There used to be one of those wooden wedges in the second pitch of Human Fright into recent times. Small hole drilled in wide end with some bunk hemp rope. Wide pins wouldn't make an appearance until after 1958 (stoveleg pins being probably the first).
Karen

Trad climber
So Cal Hell
Oct 21, 2008 - 05:36pm PT
Ahhh..the slab traverse!!! years ago, the first time climbing the Open Book, my solid partner got totally whigged out on that upper slab. He couldn't do it and essentially we were stuck until this last party came up and we asked if they would belay my partner up. Since it was their first time at Tahquitz they needed beta on the friction descent, so helped each other out. By the time we got up the Open Book it was dark, so too sketchy to down climb the descent, however, between our two ropes we just rapped down.
So, if you are a solid crack climber but dislike friction slabs beware of that last pitch!!!

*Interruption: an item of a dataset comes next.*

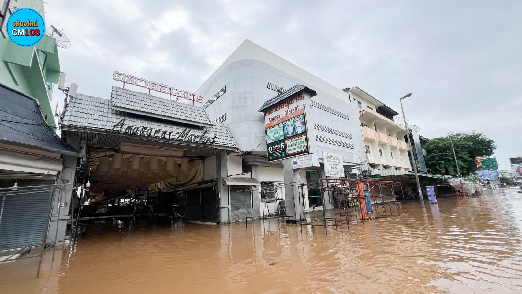 チェンマイ市内ナイトバザールが、またも川の水で冠水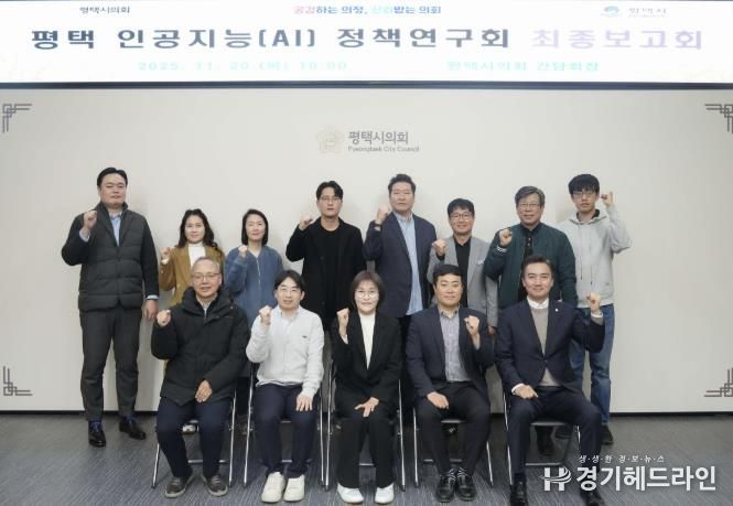 [경기헤드라인=문수철 기자] 평택시의회 연구 단체인‘평택 인공지능(AI) 정책연구회’는 20일 시의회 간담회장에서 연구 용역 최종보고회를 개최하고, 평택시의 AI 기반 미래 도시 전략 마련을 위한 연구 활동을 성공적으로 마무리했다.

There you go Woody, this was "one" of those Tahquitz climbs ending in the dark !!!!
Strider

Trad climber
one of god's mountain temples....
Oct 21, 2008 - 05:51pm PT
This is the best pic I could find of the run-out slab at the top. You start in the chimney to the left of my partner and then wriggle out onto the face right above my partners head. You are aiming for the OW/squeeze further above my partners head. The slab is called 5.6 but if you don't have any big cams (#4.5+ if I remember correctly) then I think you have almost no gear from the belay until you get to the squeeze...

SQUEEEEEEEEEEZE....

And here is the final OW/squeeze...

so much fun!
-n

edit... just for fun, here is a pic of me in the cave belay that the topo marks as optional. This belay SUCKS.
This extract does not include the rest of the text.